INFORMATION PROVIDED →
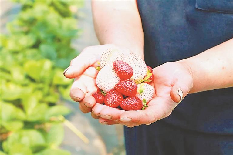 “看這白里透粉的草莓,味道就是剛剛好?!睎|山村村民王淑玲熱情地給大家介紹怎么找熟草莓,“今年的白草莓比蜂蜜都甜,我家種了兩個大棚,供不應(yīng)求,明年還得擴(kuò)大規(guī)模?!?/p>
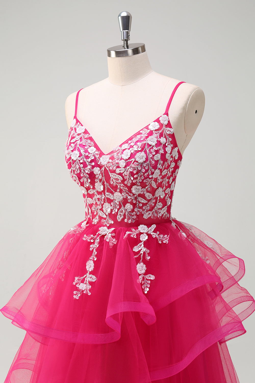 Sparkly Fuchsia A-Line Spaghetti Straps Ruffles Tulle Long Prom Dress with Appliques
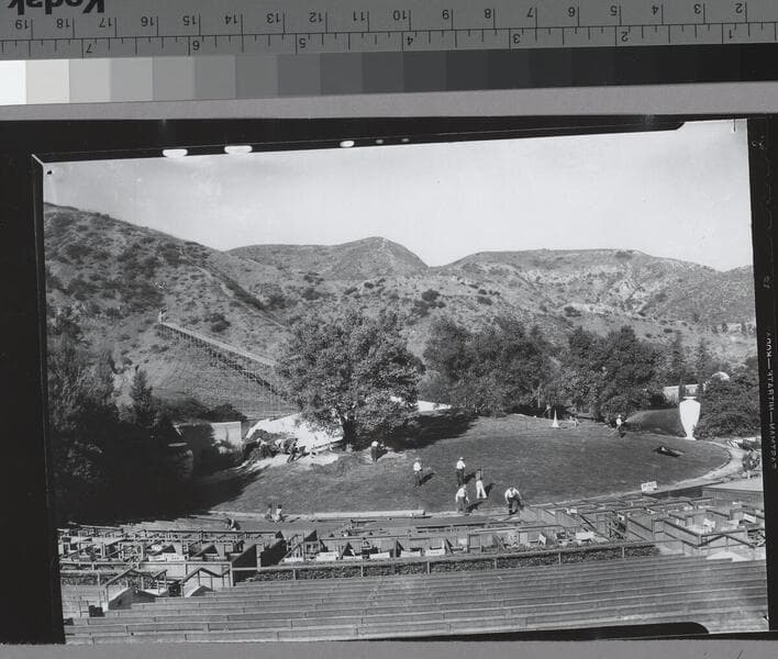 A view of the stands of the Hollywood Bowl during construction. The seating area is roughly circular and is built into the side of a hill. The photograph was taken along a raised wooden walkway that leads to the stage area.
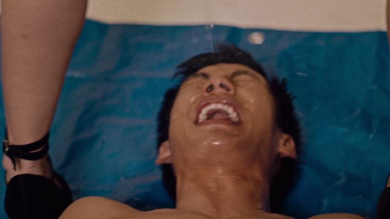 Pour commencer, qu’est ce qu’un mope ? Dans le monde du porno, un mope est considéré comme de la merde, un moins que rien qui n’a pas percé ne serait-ce que dans l’amateur, relayé à des « rôles » dans ce que l’industrie peut produire de pire, du fétichisme bizarre à la scatologie en passant par l’uro et le bukkake. A l’image d’un acteur porno (tout du moins aux Etats Unis, et à de rares exceptions près) qui aura la lettre X gravée sur son front à vie, l’empêchant toute reconversion, on peut considérer que le mope aura le même destin mais lui n’évoluera même pas à un niveau supérieur de l’industrie du X. Ce qui n’était pas de l’avis de Stephen Clancy Hill, qui s’est lancé dans l’industrie sous le nom de Steve Driver après avoir consommé plus que de raison du porno pendant une assignation de 3 ans à résidence après avoir menacé un prof de fac avec une arme de poing pour une histoire de note. Psychologiquement instable, il trouve la mort en 2010 après s’être fait viré de la société Ultima DVD inc., suite à quoi il a blessé deux employés et assassiné son collègue et ami Herbert Hin Wong, AKA Tom Dong, avec un Katana. Mope retrace le parcours du duo, surnommé « les Chris Tucker et Jackie Chan du porno », de leur rencontre en plein bukkake à l’événement tragique dont est tiré le métrage. Dès la première scène, Lucas Heyne, dont c’est le premier film, fait une sorte de mise au point : bien que Mope se déroule dans le monde du porno underground, hors de question d’y porter le moindre jugement. Pour cela, il désamorce le coté trash et sale en y injectant un peu de second degré, ainsi la trentaine de mecs attendent le bukkake comme des soldats attendant d’être parachutés sur le champ de bataille, et quand le voyant passe au vert, c’est sous fond d’une reprise de la Chevauché des Walkyries (renommée pour l’occasion la Chevauchée du bukkake) qu’ils entourent la jeune femme prête à se faire asperger. Tous les autres moments contenant les gang bangs, scènes scatophiles, reniflages d’aisselle et autres lattages de couilles fonctionne sur le même principe, Heynes ne fait pas dans le contemplatif, ne va pas dans des détails explicites et ne cherche pas à choquer ou dégouter le spectateur, tout en ne lui épargnant pas les diverses pratiques sexuelles et fétichismes nombreux. .

TASK → Would you please output the listing above exactly, leaving out the pictures?

ANSWER BOX →
 “看這白里透粉的草莓,味道就是剛剛好?!睎|山村村民王淑玲熱情地給大家介紹怎么找熟草莓,“今年的白草莓比蜂蜜都甜,我家種了兩個大棚,供不應(yīng)求,明年還得擴(kuò)大規(guī)模?!?/p>
 Sparkly Fuchsia A-Line Spaghetti Straps Ruffles Tulle Long Prom Dress with Appliques
 A view of the stands of the Hollywood Bowl during construction. The seating area is roughly circular and is built into the side of a hill. The photograph was taken along a raised wooden walkway that leads to the stage area.
 Pour commencer, qu’est ce qu’un mope ? Dans le monde du porno, un mope est considéré comme de la merde, un moins que rien qui n’a pas percé ne serait-ce que dans l’amateur, relayé à des « rôles » dans ce que l’industrie peut produire de pire, du fétichisme bizarre à la scatologie en passant par l’uro et le bukkake. A l’image d’un acteur porno (tout du moins aux Etats Unis, et à de rares exceptions près) qui aura la lettre X gravée sur son front à vie, l’empêchant toute reconversion, on peut considérer que le mope aura le même destin mais lui n’évoluera même pas à un niveau supérieur de l’industrie du X. Ce qui n’était pas de l’avis de Stephen Clancy Hill, qui s’est lancé dans l’industrie sous le nom de Steve Driver après avoir consommé plus que de raison du porno pendant une assignation de 3 ans à résidence après avoir menacé un prof de fac avec une arme de poing pour une histoire de note. Psychologiquement instable, il trouve la mort en 2010 après s’être fait viré de la société Ultima DVD inc., suite à quoi il a blessé deux employés et assassiné son collègue et ami Herbert Hin Wong, AKA Tom Dong, avec un Katana. Mope retrace le parcours du duo, surnommé « les Chris Tucker et Jackie Chan du porno », de leur rencontre en plein bukkake à l’événement tragique dont est tiré le métrage. Dès la première scène, Lucas Heyne, dont c’est le premier film, fait une sorte de mise au point : bien que Mope se déroule dans le monde du porno underground, hors de question d’y porter le moindre jugement. Pour cela, il désamorce le coté trash et sale en y injectant un peu de second degré, ainsi la trentaine de mecs attendent le bukkake comme des soldats attendant d’être parachutés sur le champ de bataille, et quand le voyant passe au vert, c’est sous fond d’une reprise de la Chevauché des Walkyries (renommée pour l’occasion la Chevauchée du bukkake) qu’ils entourent la jeune femme prête à se faire asperger. Tous les autres moments contenant les gang bangs, scènes scatophiles, reniflages d’aisselle et autres lattages de couilles fonctionne sur le même principe, Heynes ne fait pas dans le contemplatif, ne va pas dans des détails explicites et ne cherche pas à choquer ou dégouter le spectateur, tout en ne lui épargnant pas les diverses pratiques sexuelles et fétichismes nombreux. .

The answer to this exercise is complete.